Email the instant communication highway can be a communication nightmare, and this time management tip will help you to deal with the email mania. Many of you receive literally hundreds of emails in your inbox each and every day. Some are important and need immediate action, some need action at a later date, some require action from someone else, some you need to keep for reference, and many are just a nuisance. So how do you efficiently handle this onslaught of information?

It depends on how important the information is, how transportable you need the information to be, and whether or not you have IT support to bail you out when everything goes to heck. In this time management tip I want to focus on what to do when you’re the only one who can help you when everything goes to heck, and by that I mean when your hard drive crashes and you have to figure out how to get your saved data onto a new computer. When that happens, you want everything you need to be as transportable as possible. If that’s the case and you don’t use an online full backup and restoration service you have to be prepared to deal with this yourself, and without those types of services transferring your email can be an added headache.

Designate specific times throughout the day when you will tackle your email. One of the worst things you can do is allow yourself to become a slave to your email by viewing and responding to each email as it comes in. Prepare a system to deal with your email. If you’re confident that when your system fails you can fully restore your email from the email provided through your operating system create folders within the email system, otherwise you’ll want to create folders as regular document files that you know you can easily back-up and restore.
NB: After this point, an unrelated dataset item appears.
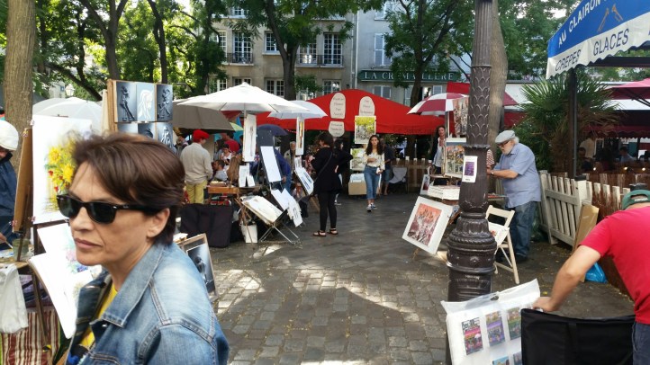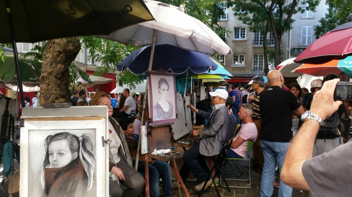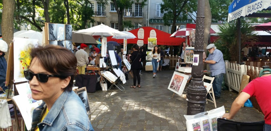 Io e Teresa molto più laicamente ci godiamo le deliziose stradine tortuose e le piazzette affollate di turisti, piene di gallerie d’arte, negozi, taverne, creperie, artisti di strada di ogni genere.

You only need three basic folders. Create folders labeled: action, pending action, and reference. At the designated times or at times when you unexpectedly have a free 15 minutes go to your inbox and do a quick sort. Sort your messages into their proper folders, delete them, or take the needed action. If you can take the needed action in a minute or two do it so you can forget about it.

Determining where to save the message. As you’re sorting and responding to the messages you can take care of quickly you either delete those messages from your inbox, or you save them to one of your other folders. Ideally you never want more than a page full of emails in your inbox at one time. As your sorting you decide where the message gets filed by the next action you need to take. So if you need to act on this message soon, but you can’t do it in just a couple minutes the message goes in your action folder. When you have the time to work on the things in your action folder you know exactly where to go, and as you take the action delete the item or move it to a proper folder. You will have messages that require waiting on someone or something else before you can take your next action, and those messages go in your pending folder. It’s a good idea to include the date you expect to get what you’re waiting for in the file name as you save the message. That way you can track where the things you’re waiting on are. There are messages you need to save for later because they contain important information and these get stored in your reference folders. In the case of reference folders, if you want to store the information long term you may be storing it in a folder with a person’s name, a project name, or a topic.

The reason you don’t want to leave hundreds or thousands of messages in your inbox is that you have to make the same decisions over and over again each time you view your inbox list. That’s a bunch of unnecessary work. Plus when you want to find a message again you have to try to remember how you might search for that message. Most people have multiple email addresses so which one did they use when they sent the message that you’re looking for? Did the message you’re searching for have a good searchable subject line, or is it lost in a whole reply stream and you aren’t exactly sure which of the 25 messages has what you’re looking for? As you properly take care of your messages as they come in you save a lot of time because you know the next actions, you know what’s pending, and you know how to quickly access the information you want when you need it. Plus now that you’ve saved them as regular documents you don’t necessarily have to be online to view them and get the information you need.